Exercise details → Look through the records below for the line holding "View of the". Write it out exactly, with each following line through the line holding "This picture was".

Given information →
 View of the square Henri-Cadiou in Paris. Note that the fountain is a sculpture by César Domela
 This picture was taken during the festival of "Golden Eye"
...
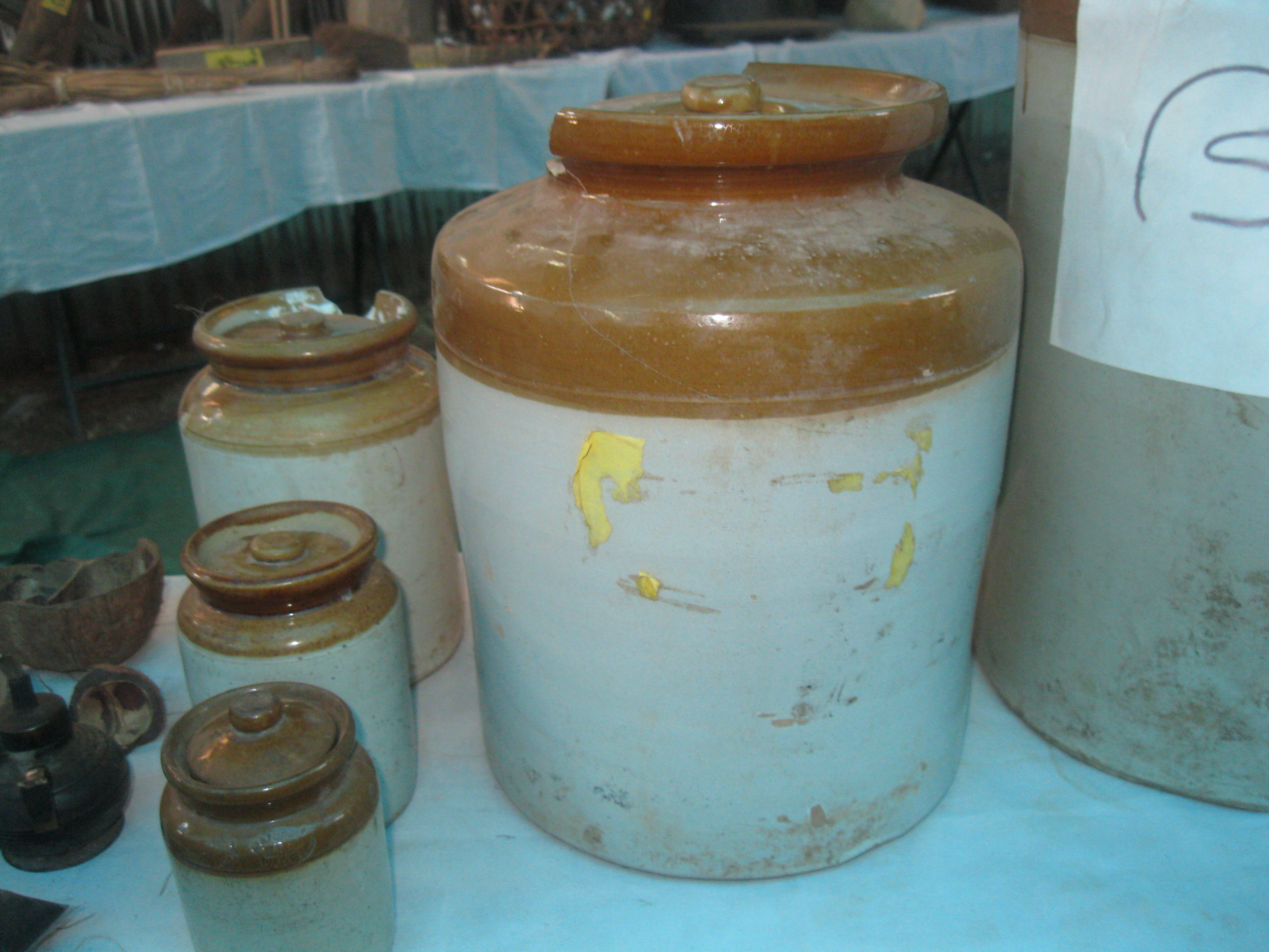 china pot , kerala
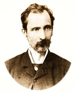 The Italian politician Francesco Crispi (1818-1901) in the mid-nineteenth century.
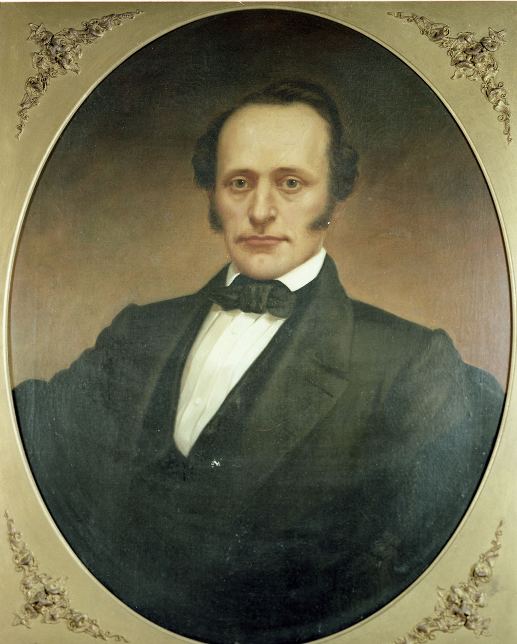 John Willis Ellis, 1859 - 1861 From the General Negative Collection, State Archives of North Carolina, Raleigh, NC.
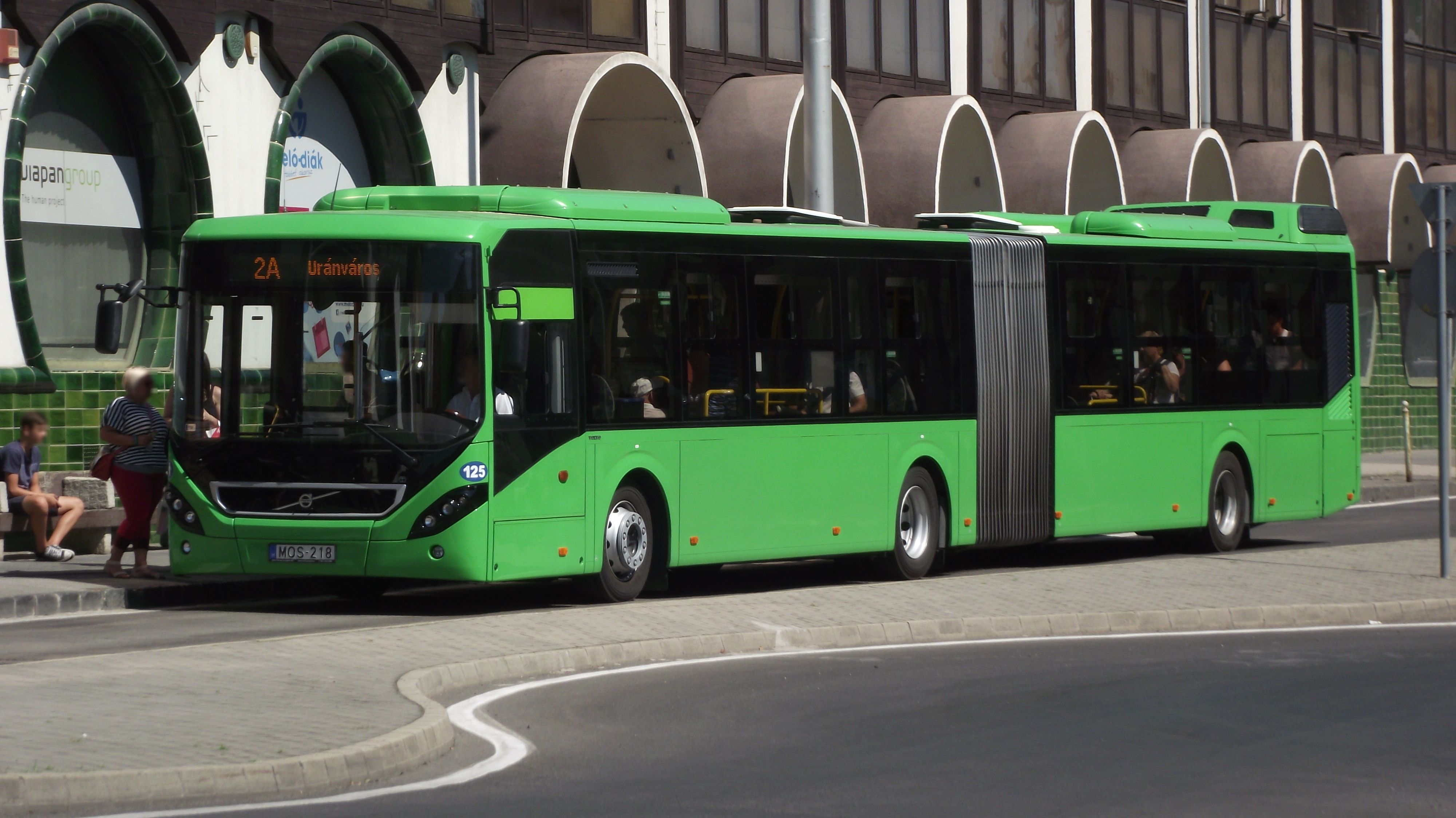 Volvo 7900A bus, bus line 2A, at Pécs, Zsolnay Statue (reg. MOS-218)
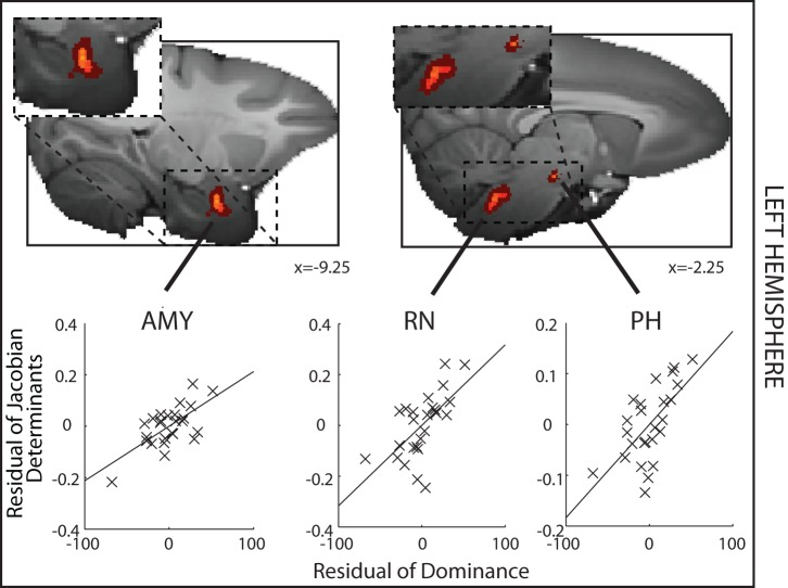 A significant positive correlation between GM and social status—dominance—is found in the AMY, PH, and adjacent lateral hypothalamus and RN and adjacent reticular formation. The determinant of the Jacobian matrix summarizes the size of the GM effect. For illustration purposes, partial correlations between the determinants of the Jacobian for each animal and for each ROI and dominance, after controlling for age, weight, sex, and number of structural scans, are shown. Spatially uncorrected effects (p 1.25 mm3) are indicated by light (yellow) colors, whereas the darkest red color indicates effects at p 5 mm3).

Response to the task →
 View of the square Henri-Cadiou in Paris. Note that the fountain is a sculpture by César Domela
 This picture was taken during the festival of "Golden Eye"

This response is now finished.